▶ **Directions for this task**
The data below should be transcribed in full, with no picture included.

● ● ●

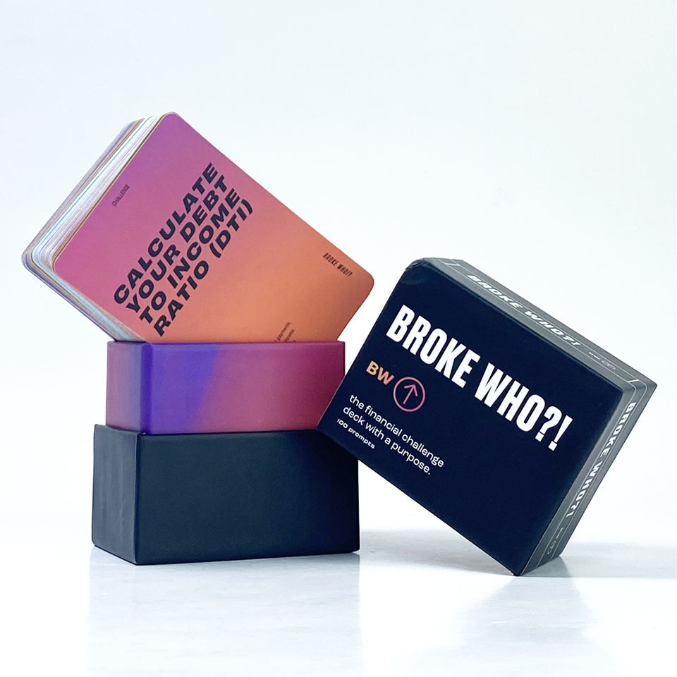 Carte da Gioco Finanziario Personalizzate con Domande Positive, Stampate in Fabbrica, per Adulti, Gioco di Gestione del Debito con Scatola con Coperchio e Base
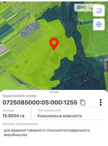 Оренда землі сільськогосподарського призначення, площа 15.9204 Га • ID 33755515
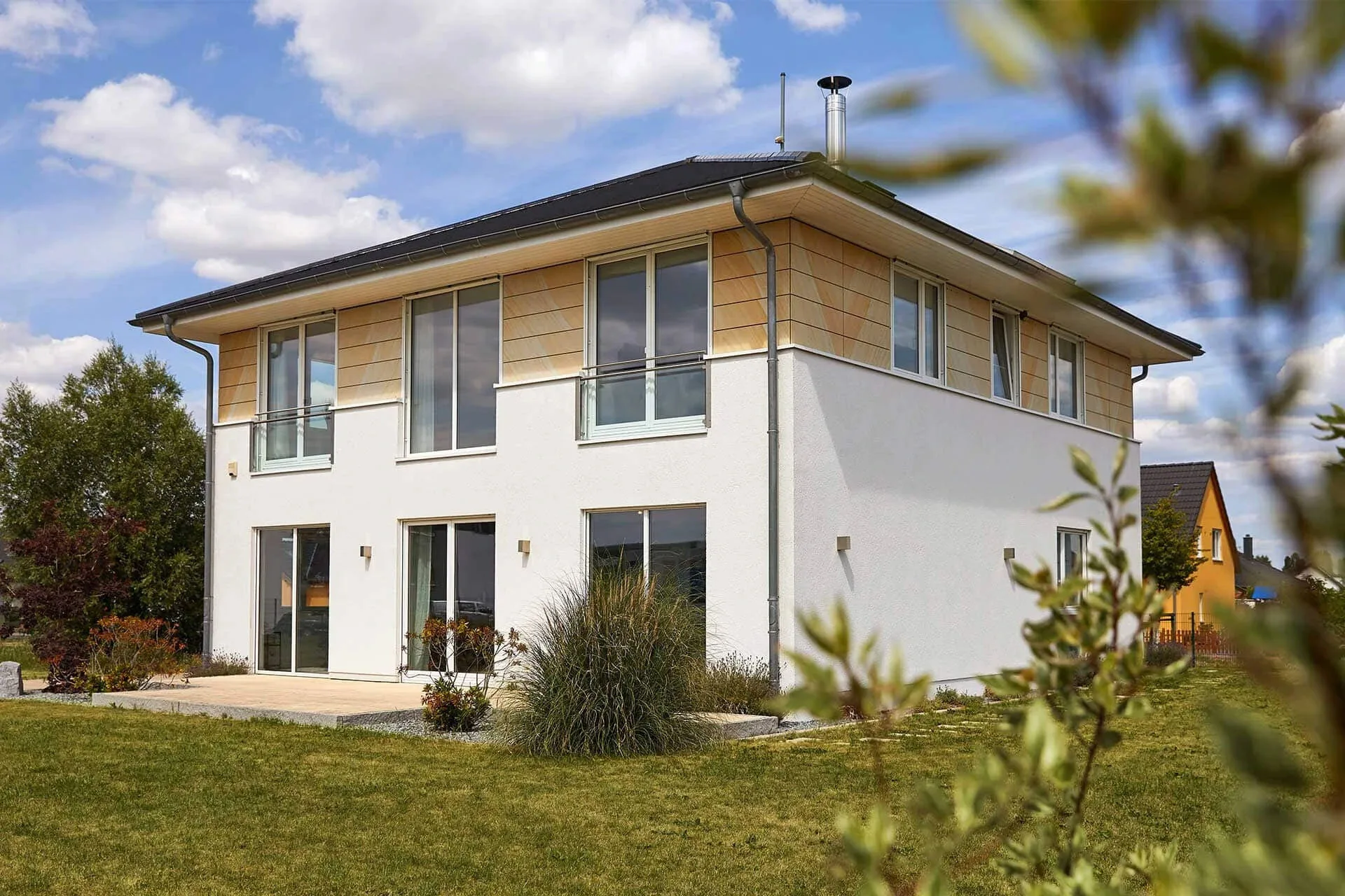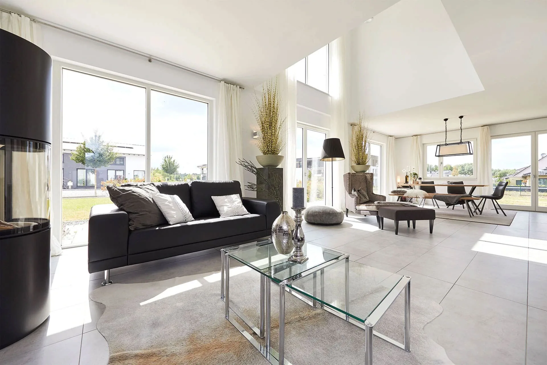 The 'Stadtvilla Werder' show home in Berlin's Unger Park is impressive from every angle: on the outside, the mixed facade gives the house an elegant and understated charm. Inside, floor-to-ceiling glazing and an open gallery are impressive. Floor-to-ceiling windows ensure that the spacious living areas are flooded with natural light. A compact structure on a square footprint and a cantilevered tent roof characterise the simple design and unmistakable charm.
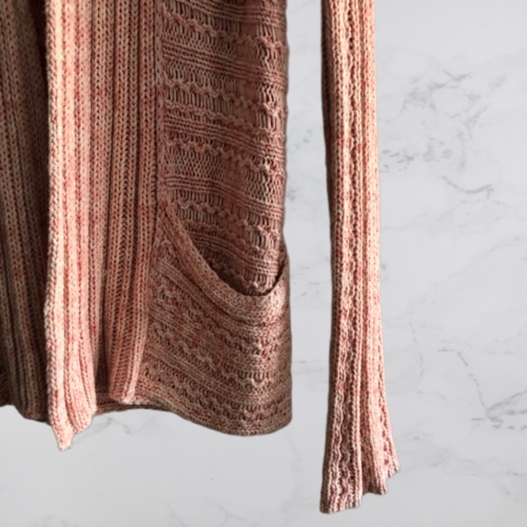 Beautiful Cardigan from Free People, this over dyed deep pink and cream yarn gives almost a pinky coral finish. Ribbed and cable knit. Open front waterfall style cardigan with chic crop cut. A cozy and boho chic layering sweater. Two front pockets. Excellent condition. 100% cotton.
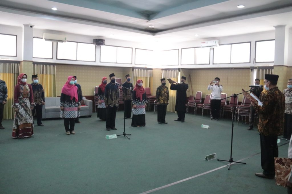 Dr. Hj. Yayah Nurhidayah, M.Si (Sub Koordinator Kepegawaian), menjelaskan, 11 (sebelas) pegawai yang dilantik dan diambil sumpahnya itu, dua di antaranya adalah Widodo Winarso M.Pd.I (dosen di FITK) dan Dr Wardah Nuroniyah M.S.I (dosen di FSEI). Keduanya mendapatkan Kenaikan jabatan fungsional sebagai Lektor Kepala. Kemudian 7 orang pegawai Arsipatoris, 1 orang Analis Kepegawaian Ahli Muda dan 1 orang lainnya sebagai Pranata Laboratorium di Pendidikan FSEI. “Itulah 11 nama pegawai yang mengikuti prosesi pelantikan dan pengambilan sumpah jabatan. Kemudian dilanjutkan dengan penandatangan pakta integritas, dan selanjutnya penyerahan secara simbolis SK Menteri Agama tentang pengangkatan dalam jabatan.“
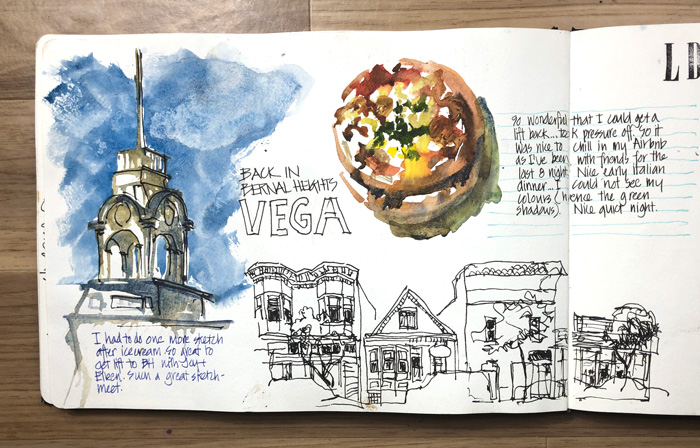 I did one final sketch of the back of the firehouse tower and then got a lift back to San Francisco – thanks Joy! I had a quiet evening (what!? really!) and a lovely dinner at Vega in Bernal Heights sketching in the dark.
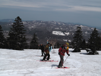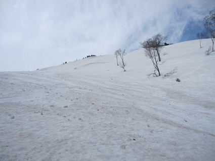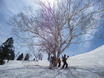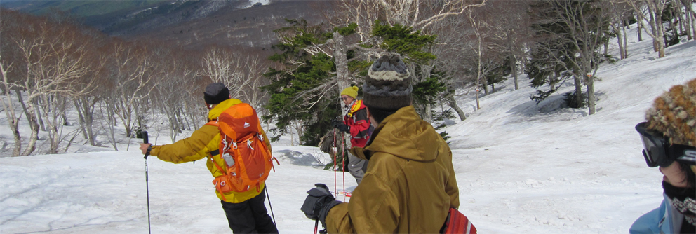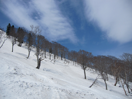 ![]() 滑降ルートを眺めるメンバー 2013〜14年の板納めは今年も八甲田山でした 最後の滑りは銅像ルートです 今日も昨日に続いて真っ青な空だ! 毎年来てるGW後半の滑りで此処まで良い天気に恵まれたことは在りません! ![]() ロープウィエ山頂駅で (Shunさん〜ムッティさん〜Hiroちゃん〜Gonちゃん) 山頂は今日も滑家さんで賑わってます 私達もシーズン最後の滑りを楽しみましょうと気合いが入りました・・・笑 ![]() 前岳のコルを登ります 朝から気温が高く汗が噴き出る こんな所を去年も登ったっけとShunさんが呟く・・・ ![]() 大斜面のピークは亀裂があります 眼下に見える銅像茶屋 しかし滑降斜面に出ると一気にテンションが上がるのが解ります 亀裂を遠目に覗き雪崩は大丈夫かな・・・? ![]() 程よい林間が開ける トレースが見える斜面 滑ってきた大斜面を振り返るとトレースが見える ん〜〜〜 彼処を滑ってきたのだなと自分の描いた跡に満足な私達でした。 ![]() ダケカンバの林で休憩 良い斜面ですね! 未だ早い時間でしたが休憩をする 眼下には滑り込む予定の銅像茶家が確認できた ![]() 少し汚れてる雪面 大きなダケカンバ 滑降ルートは少し汚れてる所も在るがブレーキが係る程ではない 大きなダケカンバの下で一息入れました ![]() 素晴らしい斜面の連続だ! 滑降斜面を振り返るメンバー 何処までも続く気持ちの良い斜面 振り返り振り返りルートを見る ![]() 広大な斜面を滑りました 名残惜しむ一時! 今日がシーズン最後の滑りです 下るのが勿体ない様子のSei 暫し板を止めて佇んでました 素晴らしい仲間に有難う 此からは登山に山菜採り・・・キャンプと楽しみましょうね! 動画をご覧くださいね! 戻る |

● ● ●

▶ **Task answer**
 Carte da Gioco Finanziario Personalizzate con Domande Positive, Stampate in Fabbrica, per Adulti, Gioco di Gestione del Debito con Scatola con Coperchio e Base
 Оренда землі сільськогосподарського призначення, площа 15.9204 Га • ID 33755515
 The 'Stadtvilla Werder' show home in Berlin's Unger Park is impressive from every angle: on the outside, the mixed facade gives the house an elegant and understated charm. Inside, floor-to-ceiling glazing and an open gallery are impressive. Floor-to-ceiling windows ensure that the spacious living areas are flooded with natural light. A compact structure on a square footprint and a cantilevered tent roof characterise the simple design and unmistakable charm.
 Beautiful Cardigan from Free People, this over dyed deep pink and cream yarn gives almost a pinky coral finish. Ribbed and cable knit. Open front waterfall style cardigan with chic crop cut. A cozy and boho chic layering sweater. Two front pockets. Excellent condition. 100% cotton.
 Dr. Hj. Yayah Nurhidayah, M.Si (Sub Koordinator Kepegawaian), menjelaskan, 11 (sebelas) pegawai yang dilantik dan diambil sumpahnya itu, dua di antaranya adalah Widodo Winarso M.Pd.I (dosen di FITK) dan Dr Wardah Nuroniyah M.S.I (dosen di FSEI). Keduanya mendapatkan Kenaikan jabatan fungsional sebagai Lektor Kepala. Kemudian 7 orang pegawai Arsipatoris, 1 orang Analis Kepegawaian Ahli Muda dan 1 orang lainnya sebagai Pranata Laboratorium di Pendidikan FSEI. “Itulah 11 nama pegawai yang mengikuti prosesi pelantikan dan pengambilan sumpah jabatan. Kemudian dilanjutkan dengan penandatangan pakta integritas, dan selanjutnya penyerahan secara simbolis SK Menteri Agama tentang pengangkatan dalam jabatan.“
 I did one final sketch of the back of the firehouse tower and then got a lift back to San Francisco – thanks Joy! I had a quiet evening (what!? really!) and a lovely dinner at Vega in Bernal Heights sketching in the dark.
 ![]() 滑降ルートを眺めるメンバー 2013〜14年の板納めは今年も八甲田山でした 最後の滑りは銅像ルートです 今日も昨日に続いて真っ青な空だ! 毎年来てるGW後半の滑りで此処まで良い天気に恵まれたことは在りません! ![]() ロープウィエ山頂駅で (Shunさん〜ムッティさん〜Hiroちゃん〜Gonちゃん) 山頂は今日も滑家さんで賑わってます 私達もシーズン最後の滑りを楽しみましょうと気合いが入りました・・・笑 ![]() 前岳のコルを登ります 朝から気温が高く汗が噴き出る こんな所を去年も登ったっけとShunさんが呟く・・・ ![]() 大斜面のピークは亀裂があります 眼下に見える銅像茶屋 しかし滑降斜面に出ると一気にテンションが上がるのが解ります 亀裂を遠目に覗き雪崩は大丈夫かな・・・? ![]() 程よい林間が開ける トレースが見える斜面 滑ってきた大斜面を振り返るとトレースが見える ん〜〜〜 彼処を滑ってきたのだなと自分の描いた跡に満足な私達でした。 ![]() ダケカンバの林で休憩 良い斜面ですね! 未だ早い時間でしたが休憩をする 眼下には滑り込む予定の銅像茶家が確認できた ![]() 少し汚れてる雪面 大きなダケカンバ 滑降ルートは少し汚れてる所も在るがブレーキが係る程ではない 大きなダケカンバの下で一息入れました ![]() 素晴らしい斜面の連続だ! 滑降斜面を振り返るメンバー 何処までも続く気持ちの良い斜面 振り返り振り返りルートを見る ![]() 広大な斜面を滑りました 名残惜しむ一時! 今日がシーズン最後の滑りです 下るのが勿体ない様子のSei 暫し板を止めて佇んでました 素晴らしい仲間に有難う 此からは登山に山菜採り・・・キャンプと楽しみましょうね! 動画をご覧くださいね! 戻る |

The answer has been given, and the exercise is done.